ASSIGNED TASK
Return exactly the lines below, starting with the one that has "Our Black and" and going on through the one that has "Korzystając z darów".

GIVEN DATA

────────

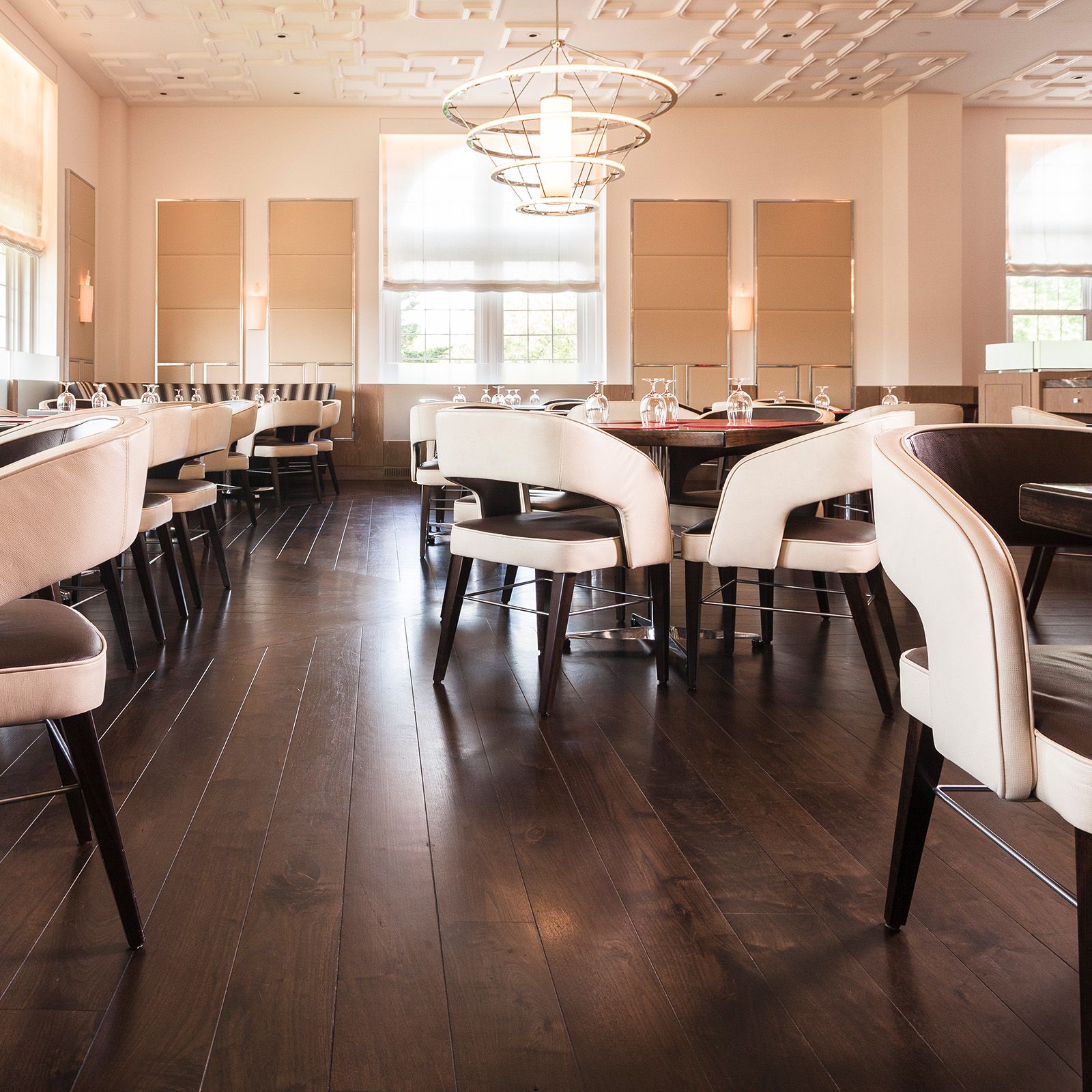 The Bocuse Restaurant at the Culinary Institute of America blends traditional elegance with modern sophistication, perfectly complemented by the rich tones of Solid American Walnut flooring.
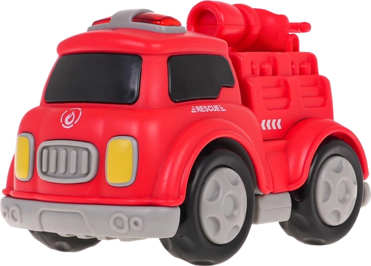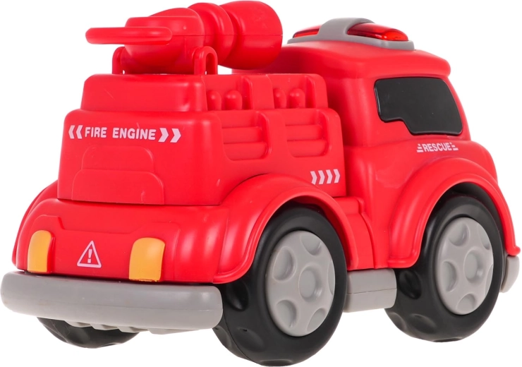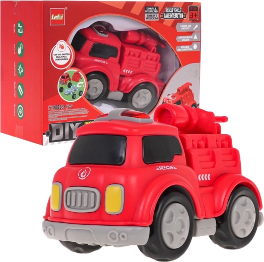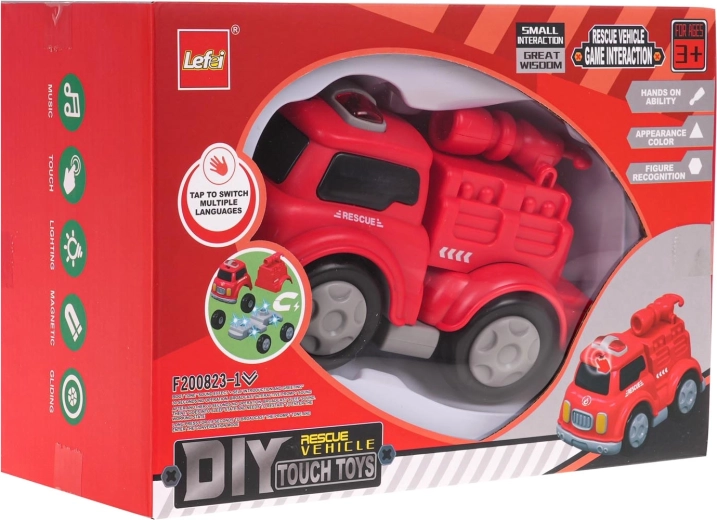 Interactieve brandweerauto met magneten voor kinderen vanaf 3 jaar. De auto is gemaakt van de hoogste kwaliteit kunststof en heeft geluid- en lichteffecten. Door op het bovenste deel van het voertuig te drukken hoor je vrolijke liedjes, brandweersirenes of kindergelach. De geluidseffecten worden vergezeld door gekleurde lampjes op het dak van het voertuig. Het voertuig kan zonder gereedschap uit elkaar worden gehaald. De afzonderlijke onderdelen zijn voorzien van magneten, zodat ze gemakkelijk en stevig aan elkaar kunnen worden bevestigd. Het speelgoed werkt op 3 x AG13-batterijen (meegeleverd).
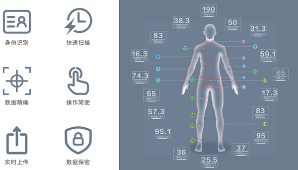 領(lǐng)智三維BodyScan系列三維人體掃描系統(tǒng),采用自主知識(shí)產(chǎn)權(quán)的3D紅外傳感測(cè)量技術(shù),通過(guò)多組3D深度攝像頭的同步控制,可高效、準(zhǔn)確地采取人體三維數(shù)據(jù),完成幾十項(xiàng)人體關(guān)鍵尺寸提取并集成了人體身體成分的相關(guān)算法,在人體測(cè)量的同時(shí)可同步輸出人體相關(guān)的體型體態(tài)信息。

────────

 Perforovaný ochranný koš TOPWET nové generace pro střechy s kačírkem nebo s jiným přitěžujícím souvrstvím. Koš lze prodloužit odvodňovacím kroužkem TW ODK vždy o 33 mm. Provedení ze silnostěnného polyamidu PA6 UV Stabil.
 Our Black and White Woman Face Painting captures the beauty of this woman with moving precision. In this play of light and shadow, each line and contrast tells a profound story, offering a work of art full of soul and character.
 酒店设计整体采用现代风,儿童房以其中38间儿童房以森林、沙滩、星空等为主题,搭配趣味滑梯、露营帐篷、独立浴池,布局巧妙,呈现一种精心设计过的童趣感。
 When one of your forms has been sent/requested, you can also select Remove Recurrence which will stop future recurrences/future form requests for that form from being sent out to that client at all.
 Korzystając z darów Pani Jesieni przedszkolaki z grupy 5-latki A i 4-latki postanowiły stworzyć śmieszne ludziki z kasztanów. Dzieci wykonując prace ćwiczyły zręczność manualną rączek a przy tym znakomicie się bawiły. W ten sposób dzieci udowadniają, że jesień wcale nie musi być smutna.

────────

ANSWER SPACE
 Our Black and White Woman Face Painting captures the beauty of this woman with moving precision. In this play of light and shadow, each line and contrast tells a profound story, offering a work of art full of soul and character.
 酒店设计整体采用现代风,儿童房以其中38间儿童房以森林、沙滩、星空等为主题,搭配趣味滑梯、露营帐篷、独立浴池,布局巧妙,呈现一种精心设计过的童趣感。
 When one of your forms has been sent/requested, you can also select Remove Recurrence which will stop future recurrences/future form requests for that form from being sent out to that client at all.
 Korzystając z darów Pani Jesieni przedszkolaki z grupy 5-latki A i 4-latki postanowiły stworzyć śmieszne ludziki z kasztanów. Dzieci wykonując prace ćwiczyły zręczność manualną rączek a przy tym znakomicie się bawiły. W ten sposób dzieci udowadniają, że jesień wcale nie musi być smutna.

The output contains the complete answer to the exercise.